— А ты, Георгий, надо полагать, хороший боец?
— Хочешь проверить? — прищурился рыжий.
Борис не ответил.
— Здесь я с тобой драться не стану, — гладиатор серьезно посмотрел ему в глаза. — И никто не станет.
Ну да, конечно…
— Калечиться раньше времени не хотите?
— Не хотим. И тебя калечить тоже ни к чему. Вот если нас разведут по разным камерам, а потом сведут на арене…
— Такое бывает?
— Бывает. Людей тусуют частенько. Перекидывают из камеры в камеру, чтобы не корешились сильно. Оно колизейным ни к чему.
«Да уж, — решил Борис. — Пожалуй что и в самом деле ни к чему».
На нарах зашевелился и застонал Щерба. Бывший хэд пришел в себя и ошалело потряс разбитой головой. Ничего, жить будет. Пока…
Борис снова повернулся к рыжему.
— За что ты здесь? — спросил он. Просто так. Чтобы хоть о чем-то спросить. Надеясь разговором отогнать невеселые мысли.
— Ипотека, — поморщился Георгий. — Еще до кризисов угораздило влезть в кабалу. Ну а после… Не смог вовремя расплатиться, в общем. Когда пришли забирать — начал сопротивляться. Потом, когда стал тресом, тоже много бузил. В итоге попал сюда. А ты?
— Я… — Борис замялся.

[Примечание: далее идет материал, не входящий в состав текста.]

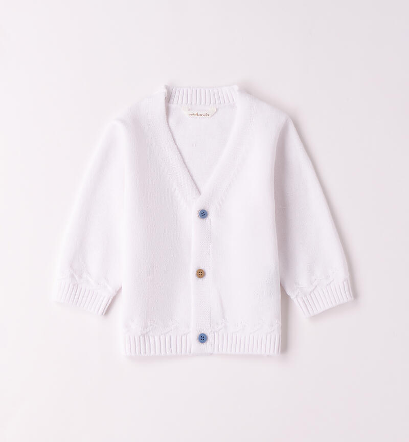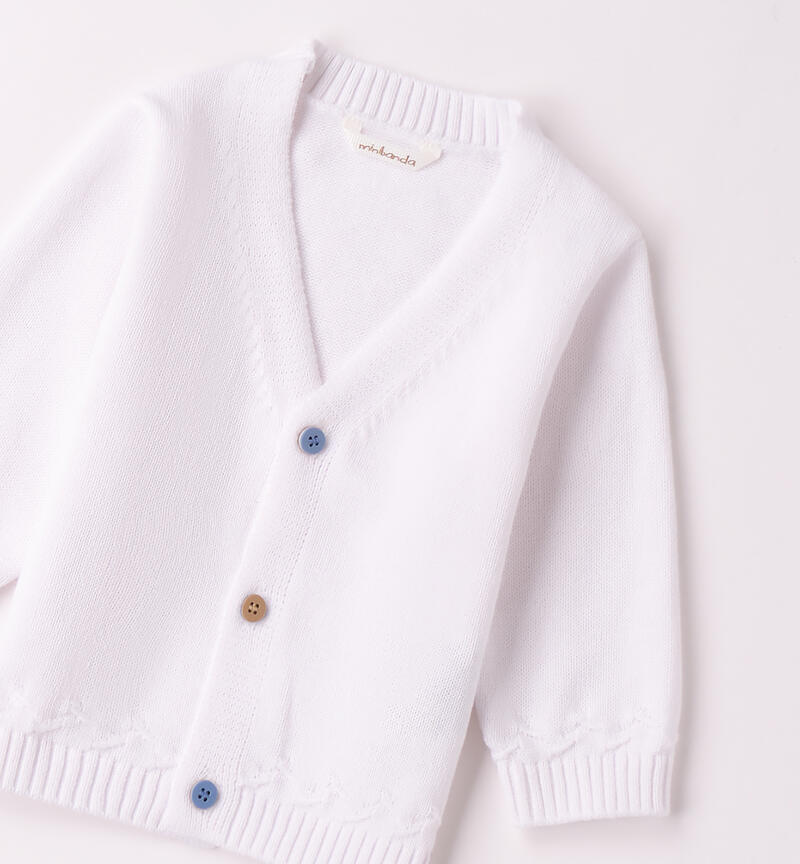 Cardigan per bimbo Minibanda 1-24 mesi realizzato in 100% cotone. Il modello presenta apertura frontale con bottoni ed è in fantasia tinta unita con polsini sul fondo e sulle maniche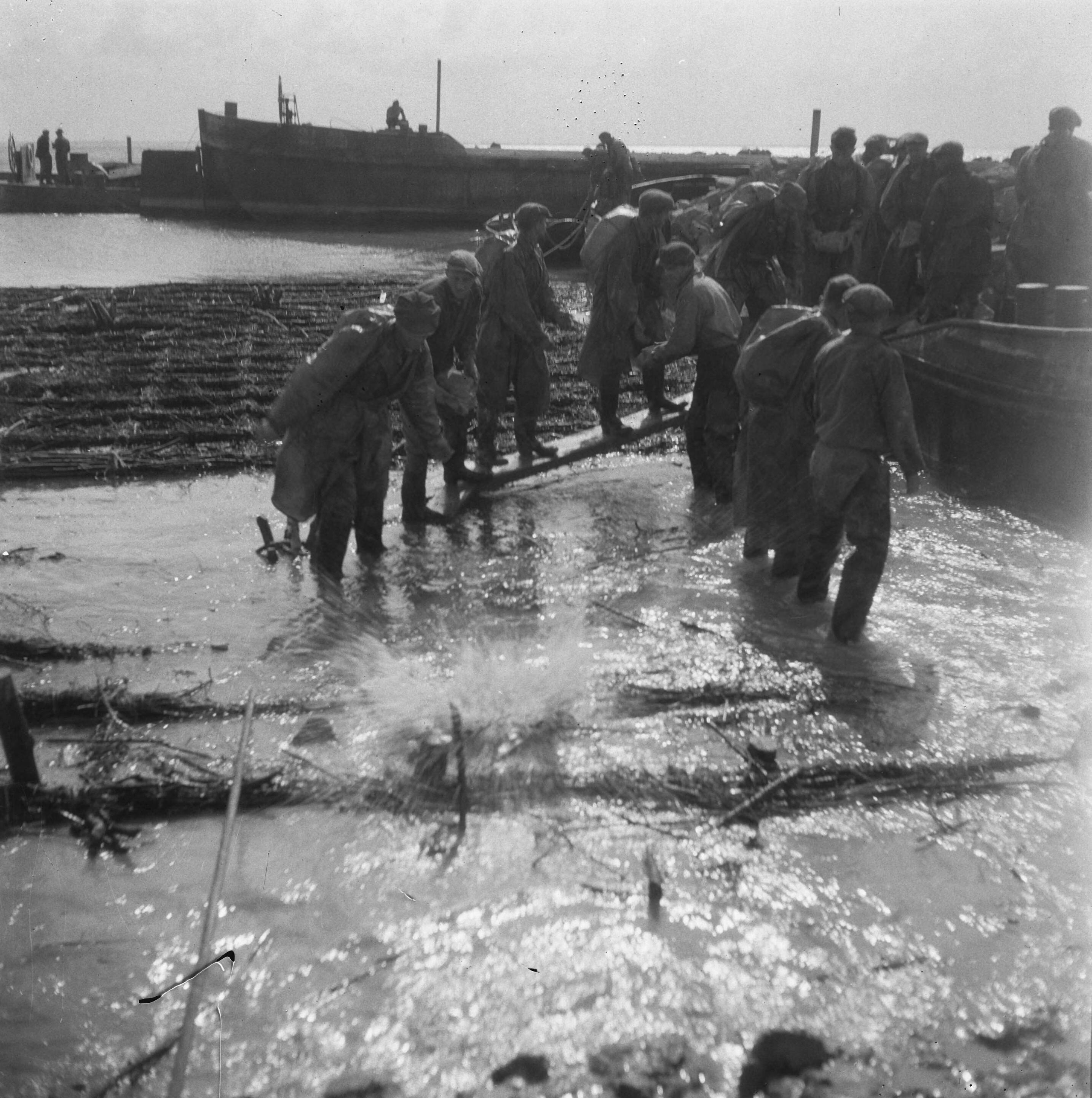 Arbeiders met zandzakken

В голове звякнул тревожный колокольчик. Признаваться в обществе тресов, что он был охотником за головами, не позволяло элементарное чувство самосохранения. — Я так… По глупости попал.
— Хэдхантер, что ли?
Раскусили?! Борис вдохнул поглубже и приготовился к драке. Пришло время проверить, так ли уж на самом деле узники избегают внутрикамерных разборок. Или для некоторых случаев все же делаются исключения.
Избегали. Драки не последовало.
— Да не тушуйся ты, парень, — хмыкнул Георгий. — Здесь полкамеры бывших пятнистых. Из вас хорошие гладиаторы получаются. По хуторам слабачков не отбирают.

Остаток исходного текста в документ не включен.